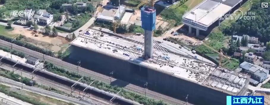 7月30日,在江西九江,随着最后一节混凝土浇筑完成,世界最大吨位非对称曲线斜拉转体桥——九江快速路跨庐山站转体斜拉桥首个主墩塔柱顺利封顶。斜拉桥全长465米,桥面总宽度42米,双向8车道,此次封顶的主墩塔柱为子塔,塔顶高7米,其中1米高实心段和6米高楔形塔冠。
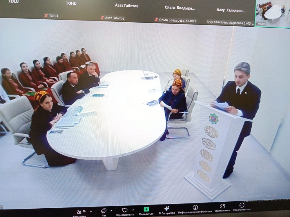 Преподаватели КалмГУ выступают с докладами в онлайн-формате, участвуют в дискуссиях. Необходимо отметить активную работу по налаживанию взаимодействия с вузами Туркменистана факультета довузовской подготовки и обучения иностранных граждан, инженерно-технологического факультета, факультета математики, физики и информационных технологий и медицинского факультета.
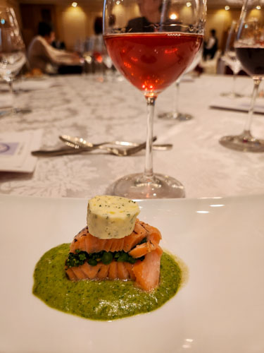サーモンとサンギュリオ(特異な)ワイン・・・なんというか複雑なお味のワインでございました。
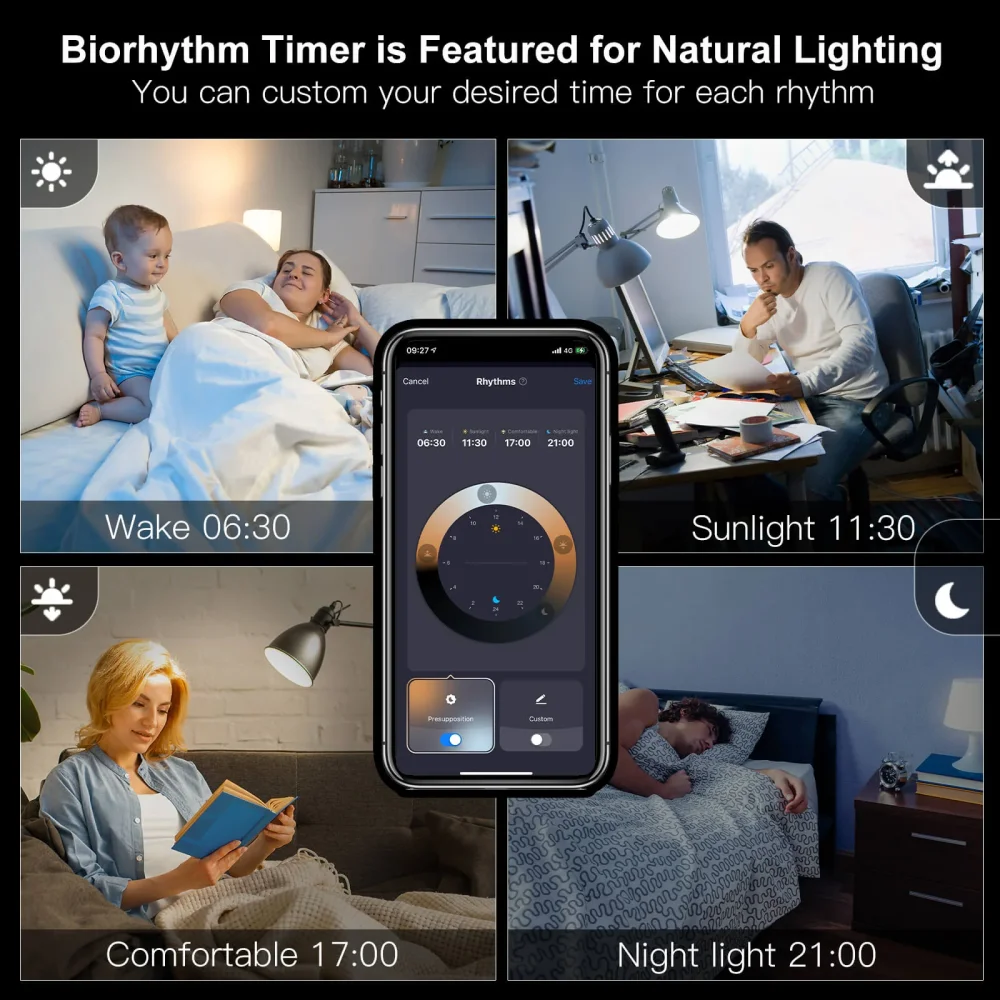 Pełna kontrola kolorów – Wybierz spośród 16 milionów kolorów lub dostosuj czyste białe światło w zakresie od 2,700K (ciepłe, relaksujące) do 6,500K (jasne, energetyzujące). Technologia RGB+CCT daje Ci niespotykaną elastyczność.

- [TASK GOAL]: Each line above is to be repeated exactly as written; no picture is carried over.

- [COMPLETED TASK]:
 7月30日,在江西九江,随着最后一节混凝土浇筑完成,世界最大吨位非对称曲线斜拉转体桥——九江快速路跨庐山站转体斜拉桥首个主墩塔柱顺利封顶。斜拉桥全长465米,桥面总宽度42米,双向8车道,此次封顶的主墩塔柱为子塔,塔顶高7米,其中1米高实心段和6米高楔形塔冠。
 Преподаватели КалмГУ выступают с докладами в онлайн-формате, участвуют в дискуссиях. Необходимо отметить активную работу по налаживанию взаимодействия с вузами Туркменистана факультета довузовской подготовки и обучения иностранных граждан, инженерно-технологического факультета, факультета математики, физики и информационных технологий и медицинского факультета.
サーモンとサンギュリオ(特異な)ワイン・・・なんというか複雑なお味のワインでございました。
 Pełna kontrola kolorów – Wybierz spośród 16 milionów kolorów lub dostosuj czyste białe światło w zakresie od 2,700K (ciepłe, relaksujące) do 6,500K (jasne, energetyzujące). Technologia RGB+CCT daje Ci niespotykaną elastyczność.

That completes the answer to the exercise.